### REQUIREMENT:
Repeat the span of the entries below that starts at the line with "- Snídane s" and ends at the line with "Tavolo da pranzo", nothing more. Skip the pictures.

Records excerpted from a collection
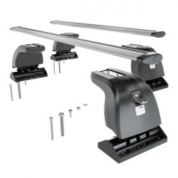 Visiškai sukomplektuoti stogo bagažinės skersiniai su metaliniais-kvadratiniais 32x22x2 mm strypais, kurie yra aptraukti juodo poliesterio plastiku.
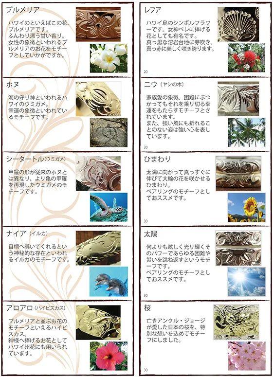 之所以說 Hawaiian Palms Jewelry 的產(chǎn)品足夠地道,是因為這一品牌對于夏威夷珠寶的花紋及圖案設(shè)計極其講究。除了幾種常見的花紋樣式,Hawaiian Palms Jewelry 還將當(dāng)?shù)刂拿{凱亞火山、多型鐵心木、尤克里里等你能想到的所有夏威夷文化象征都化為了一個個符號,賦予在珠寶當(dāng)中。打開它們的官網(wǎng)更是能看到大量關(guān)于夏威夷珠寶的歷史背景,以及各類花紋樣式含義的圖鑒與資料。
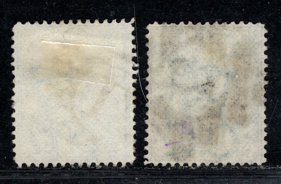 2 very fine used singles of the 6d green & bluish green Queen Victoria from the 1876-1879 Queen Victoria Keyplates Issue crown cc wmk, perf 14, lagos barrel killer cancels.
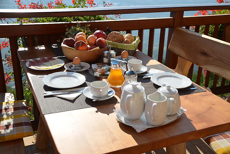 - Snídane s mnoha vlastními produkty na panoramatické terase
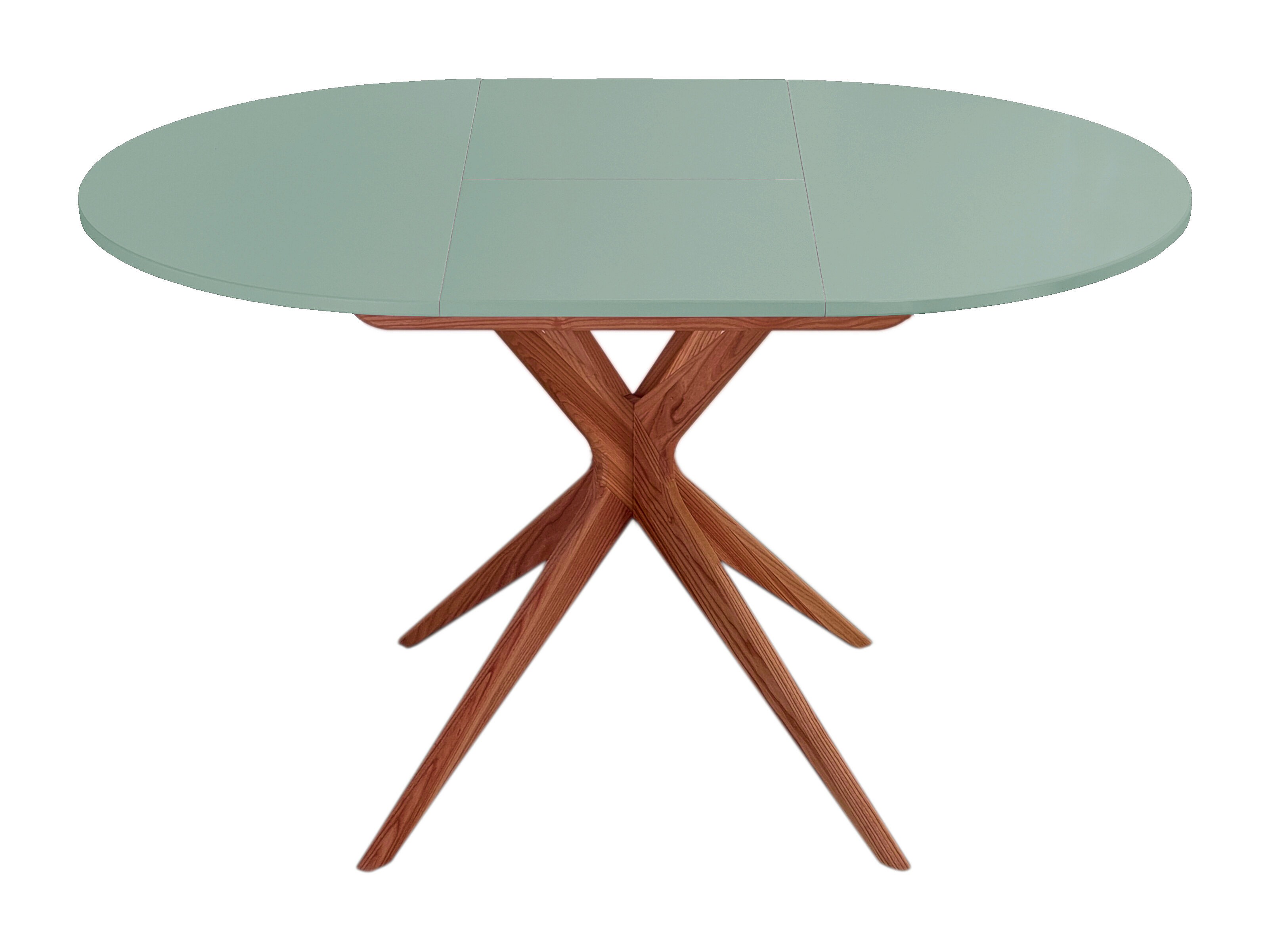 Tavolo da pranzo rotondo allungabile 90cm Jubi Verde Salvia | Gamba in frassino
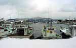 2001年初春「北陸・中国・近畿の旅」 ●北陸・小浜 小浜では、町並みとそこに生きる人がどんなものなのか知りたかった。 夜遅くに着き、宿に入れずに夜通し雪の中を歩き廻った。ようやく空が白んできたところで小浜城址に行った。建築物としての城は全くといっていいほど残っていなかったが、その城壁址から眺める町には人の生きている「におい」がした。まだ明け切っていない空を眺めながら城下へと降る途中で聖ルカ教会を見た。残念ながら中には入れなかったが、明治30年から変わらず川岸に建つその姿はまさに小浜の風景そのものになっていた。船だまりでは漁船が所狭しと停泊しており、城址から見えた風景がすぐ目の前にあった。改めて考えると、雪深いことに関係しているのか、小浜の町は建物同士の距離、人同士の距離、そして人と建物の距離が近く、凝縮した関係があるように思えた。 続いて歩いていくと、そこには雪に埋もれた小浜の古い町家が昔のままに残る町並みがあった。この地方には商売や一時の休憩に利用される、建物正面に付いている折り畳みベンチにも見える「がったり」が残っており、雪かきをする町の人たちに話しを聞くと、昔は「がったり」で一休みしながら家族が語らったものだという。町並みの中にあった一軒の古いお店に入ると、そこは翡翠や瑪瑙を加工して売る職人のお宅で、店の老婦人と今日の雪のことを話すうちに昔の雪は今よりも多く降っていたという話、向かいの駐車場は紙(和紙)のお店があったが代替わりしてすぐ、引き払って敦賀に出てしまったというような土地の話を沢山聞いた。一言のお礼と、ひとかけらの石を買って店を後にした。それから、芸鼓さんとも話をした。昔のように派手ではないが、優しい付き合いが続いているのだとか。この日の海は真っ白な雪と濃紺の海がとても印象的で、少しばかり時間が戻っていくような気がした。あの老婦人や芸鼓さん達の見てきた海もこうだったのかなぁと思った。そして、日常というものの儚いが故の大切さ、そんなことを垣間見たのでした。彼女達や町に住んでいる多くの人たちは自分達のそれぞれ価値観を大切にしながら、すぐ隣の家のことや自分の家のことを大切に気遣っているのも感じられた。 ところで、明通寺という国宝が小浜にはあるが、全くといってよいほど観光地化しておらず、1200年近くもそのままだというのだから、もしかしたらそういうところが若狭の魅力なのかもしれない。
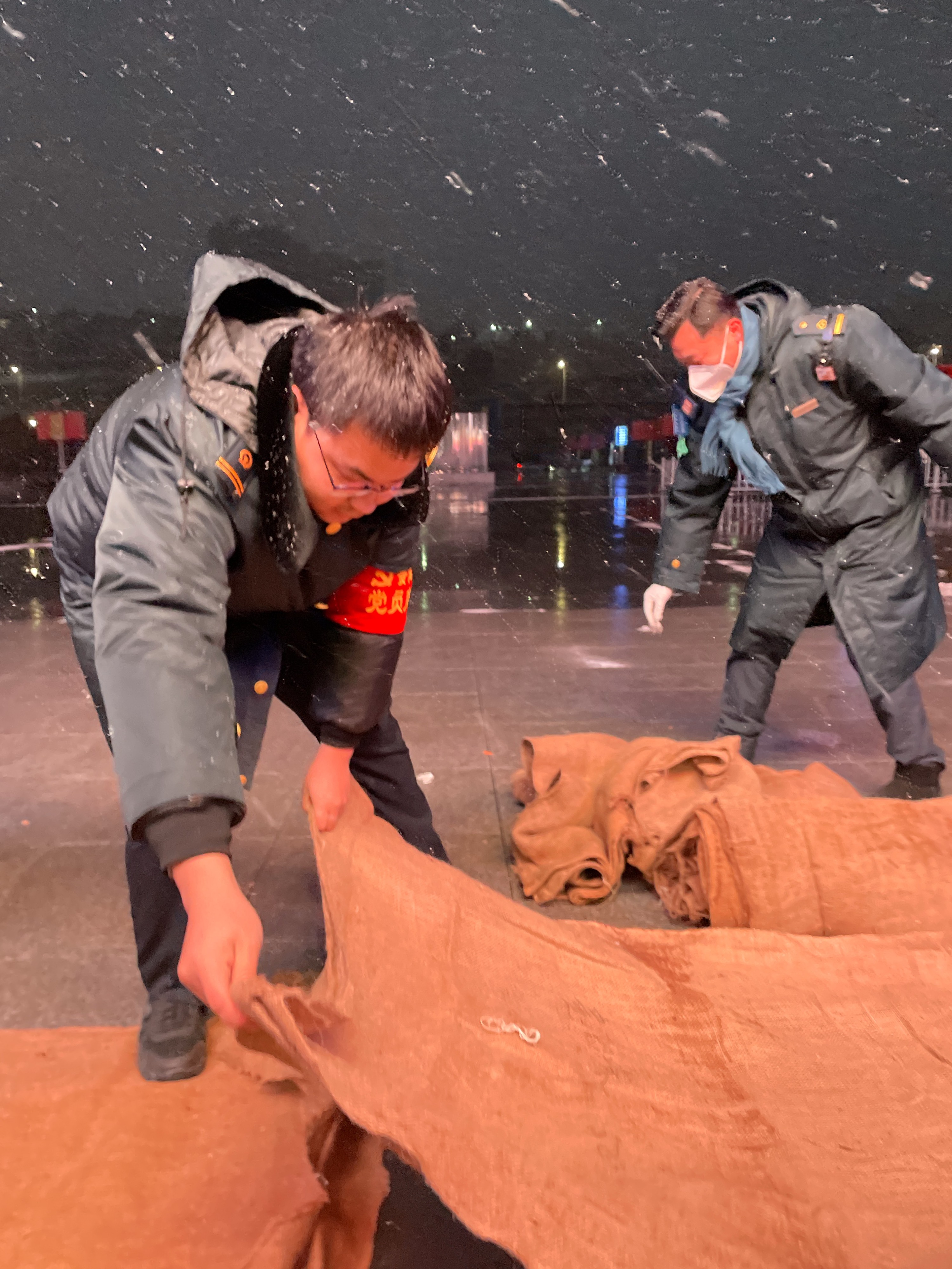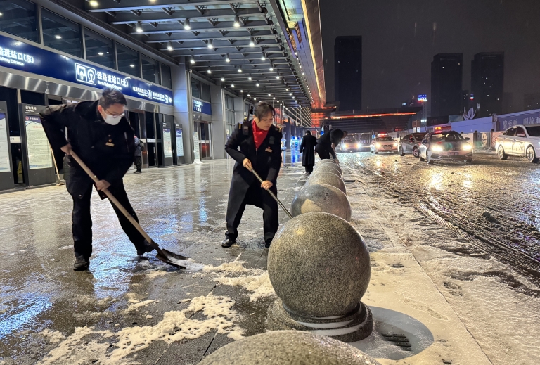 冰雪来袭,立即启动应急预案,组织人员对道岔、线路、信号设备等进行“地毯式”检查,对站前广场、天桥、站台等重点区域的积雪进行清扫和撒盐处理,对特殊重点旅客主动提供必要的帮助,积极引导旅客在网上办理退改手续。
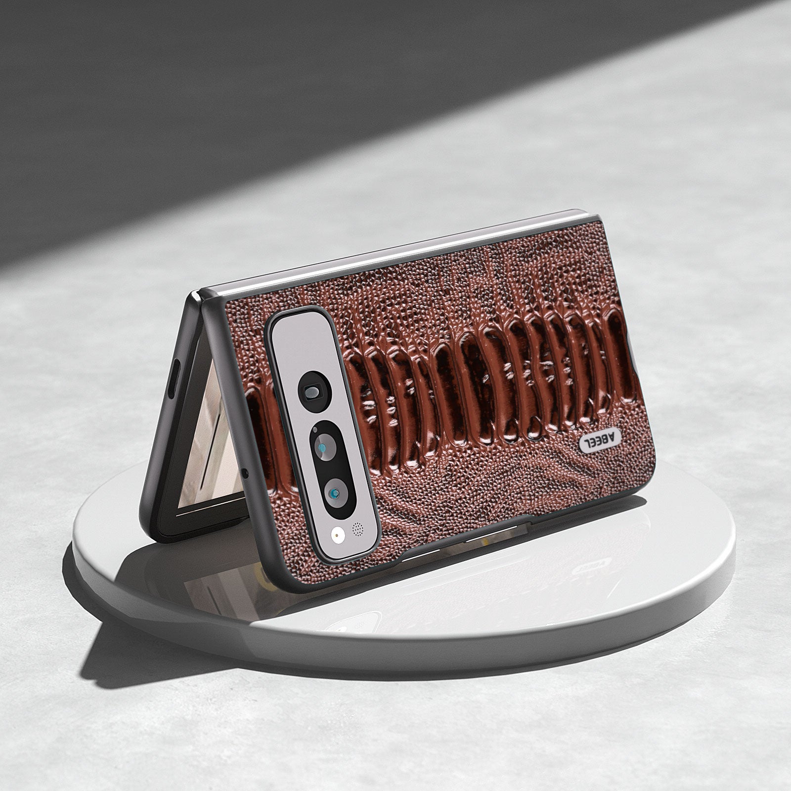 Uniqkart for Google Pixel Fold Crocodile Texture Phone Case Genuine Cow Leather+PC Anti-Fall Cover - Brown

### PROBLEM SOLUTION:
 - Snídane s mnoha vlastními produkty na panoramatické terase
 Tavolo da pranzo rotondo allungabile 90cm Jubi Verde Salvia | Gamba in frassino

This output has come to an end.